One another deadly feature of Hepatitis is that it is highly transmittable from one person to another through a number of modus operandi. This is one disease which can quickly spread like wild fire especially amongst the youth taking into account their natural choice and penchant for a ‘grey’ lifestyle.  In a nut shell Hepatitis virus can travel from one person to another if they:

  • Have sex with an infected person without using special protective tools
  • Share needles (used for injecting drugs) with an infected person
  • Get a tattoo or piercing with tools that were not cleaned well
  • Share personal items like razors or toothbrushes with an infected person
  • Are exposed to the body  fluids expelled by  an infected person

It also has to be duly noted that a mother who has the virus can pass it to her baby during delivery.

Having known what may carry the infectious virus across it is of supreme importance  that we also know  that casual contact such as hugging, kissing, sneezing, coughing, or sharing food or drinks do not result in the Hepatitis virus traveling from a victim to a potential  target.

Another challenge that Hepatitis throws our way is that people with Hepatitis mostly do not know they have it at least initially because the symptoms to the disease are no different to the signs of a common flu. However, the most immediate signals to look out for if in case one does suspect being a case of Hepatitis virus takeover are:

  • Extreme tiredness
  • Mild fever
  • Headache
  • Poor appetite
  • Nausea
  • Constant belly ache
  • Diarrhea or constipation
  • Muscles ache and joint pain.
  • Skin rash.
  • Yellowish eyes and skin

Disease, be it common or rare cannot be ever rated as big or small. There is no such thing as a small disease.
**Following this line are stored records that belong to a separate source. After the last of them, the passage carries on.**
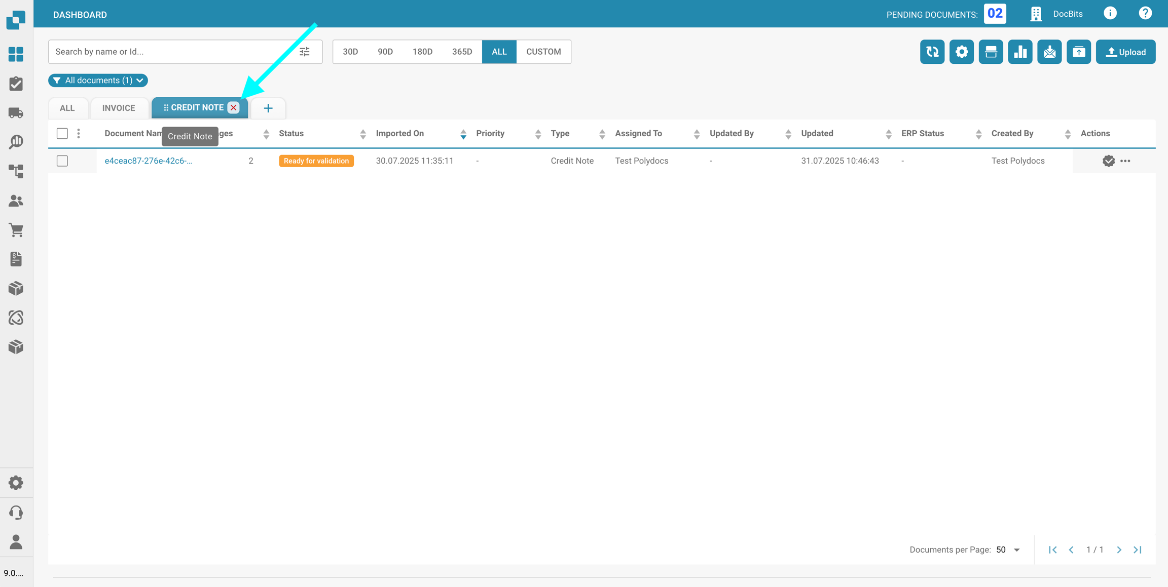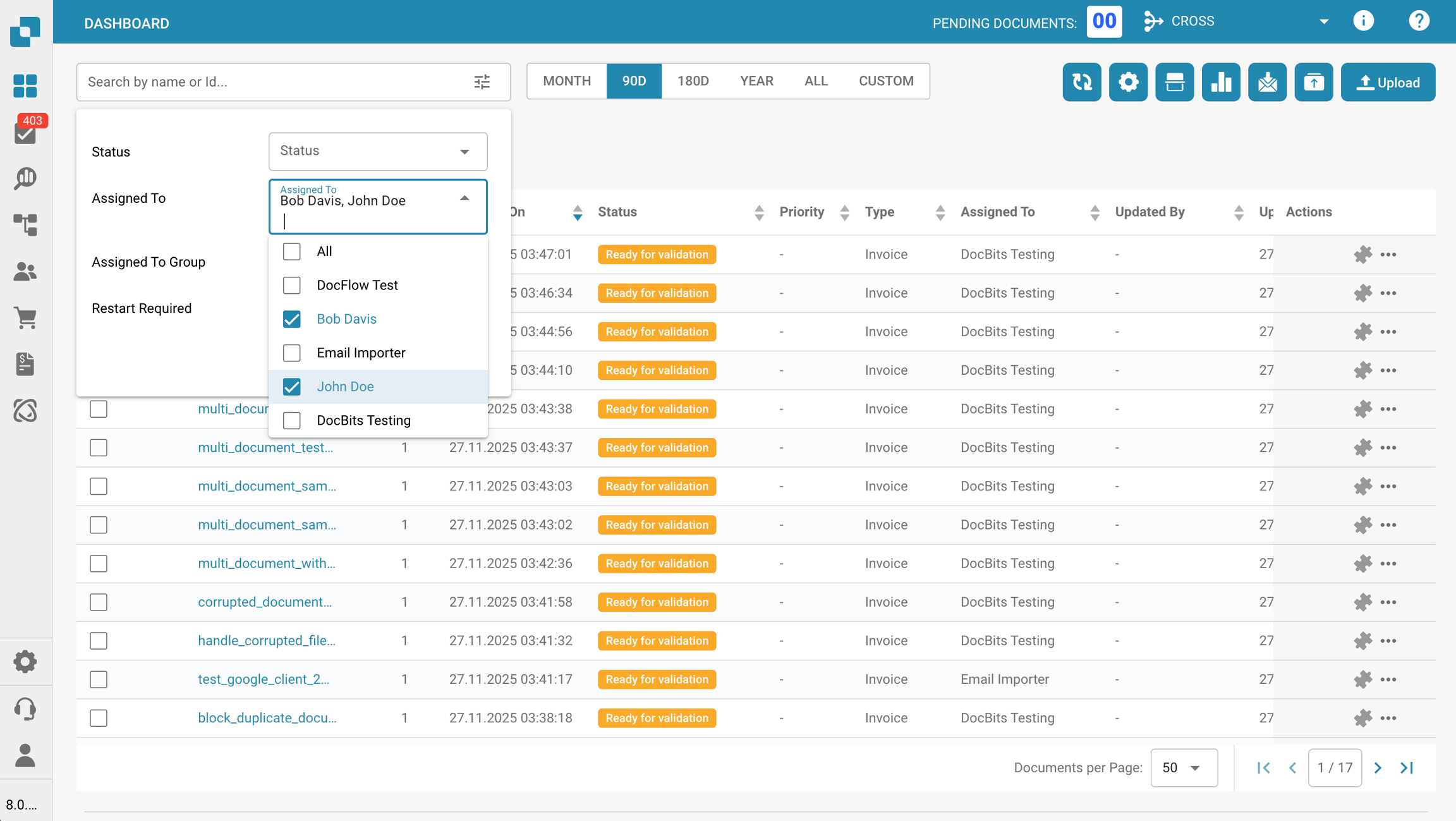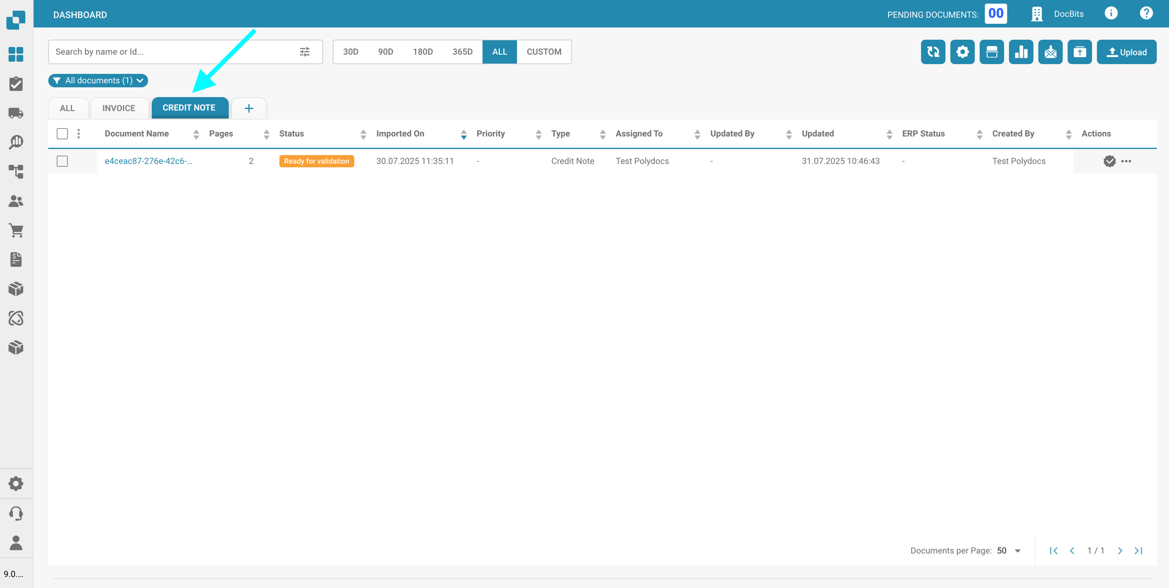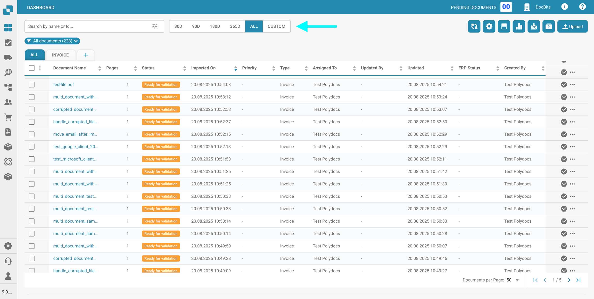 Status: Filtrowanie według statusu przetwarzania (np. Gotowe do walidacji, Odrzucone).
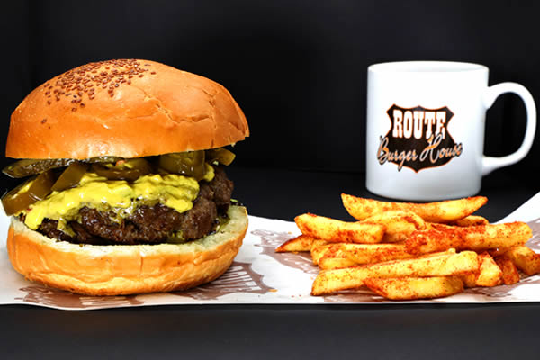 Hamburger Köftesi, Turşu, Karamelize Soğan, Cheddar Peyniri, Ballı Hardal Sos.
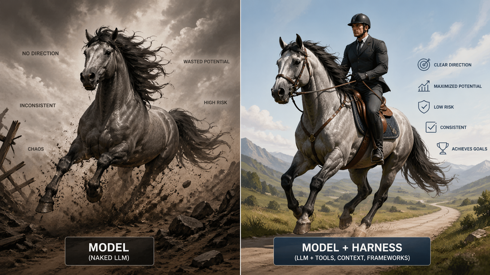 Harness这个词,英文原意是"马具"------缰绳、马鞍、笼头那一套东西。一匹千里马,你不给它套上马具,它只会四处乱跑。大语言模型就是这匹千里马。
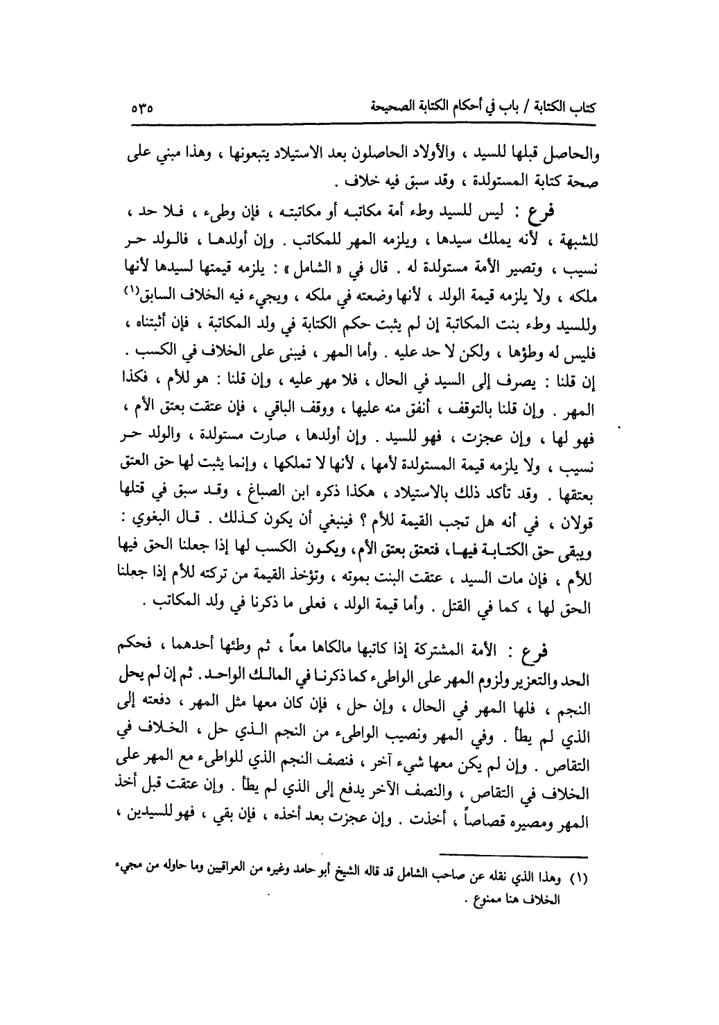 والحاصل قبلها للسيد، والاولاد الحاصلون بعد الاستيلاد يتبعونها، وهذا مبني على صحة كتابة المستولدة، وقد سبق فيه خلاف. فرع ليس للسيد وطئ أمة مكاتبه أو مكاتبته، فإن وطئ، فلا حد، للشبهة، لانه يملك سيدها، ويلزمه المهر للمكاتب. وإن أولدها، فالولد حر نسيب، وتصير الامة مستولدة له. قال في الشامل: يلزمه قيمتها لسيدها لانها ملكه، ولا يلزمه قيمة الولد، لانها وضعته في ملكه، ويجيئ فيه الخلاف السابق. وللسيدوطئ بنت المكاتبة إن لم يثبت حكم الكتابة في ولد المكاتبة، فإن أثبتناه فليس له وطؤها، ولكن لا حد عليه. وأما المهر، فيبنى على الخلاف في الكسب. إن قلنا: يصرف إلى السيد في الحال، فلا مهر عليه، وإن قلنا: هو للام، فكذا المهر. وإن قلنا بالتوقف، أنفق منه عليها، ووقف الباقي، فإن عتقت بعتق الام، فهو لها، وإن عجزت، فهو للسيد. وإن أولدها، صارت مستولدة، والولد حر نسيب، ولا يلزمه قيمة المستولدة لامها، لانها لا تملكها، وإنما يثبت لها حق العتق بعتقها. وقد تأكد ذلك بالاستيلاد، هكذا ذكره ابن الصباغ، وقد سبق في قتلها قولان، في أنه هل تجب القيمة للام ؟ فينبغي أن يكون كذلك. قال البغوي: ويبقى حق الكتابة فيها، فتعتق بعتق الام، ويكون الكسب لها إذا جعلنا الحق فيها للام، فإن مات السيد، عتقت البنت بموته، وتؤخذ القيمة من تركته للام إذا جعلنا الحق لها، كما في القتل. وأما قيمة الولد، فعلى ما ذكرنا في ولد المكاتب. فرع الامة المشتركة إذا كاتبها مالكاها معا، ثم وطئها أحدهما، فحكم الحد والتعزير ولزوم المهر على الواطئ كما ذكرنا في المالك الواحد. ثم إن لم يحل النجم، فلها المهر في الحال، وإن حل، فإن كان معها مثل المهر، دفعته إلى الذي لم يطأ. وفي المهر ونصيب الواطئ من النجم الذي حل، الخلاف في التقاص وإن لم يكن معها شئ آخر، فنصف النجم الذي للواطئ مع المهر على الخلاف في التقاص، والنصف الآخر يدفع إلى الذي لم يطأ وإن عتقت قبل أخذ المهر ومصيره قصاصا، أخذت وإن عجزت بعد أخذه، فإن بقي، فهو للسيدين،

Be it an everyday flu or a mild headache, without proper diagnosis and ultimate care, it might turn out to be a serious case which may turn the table around within a moment a two. While the same goes for the diseases that we know and claim to be an immediate threat to life,  in this case Hepatitis, which we may recognise as a fearsome disease but with proper guidance and care even it can be kept at bay, thanks to the marvel of medical science. What needs to be input is a fundamental approach of DOs and DON’Ts and a worked out structure of faith and dedication towards the advice of the professionals and a self applied routine, charted out with the ultimate end of recovery in mind.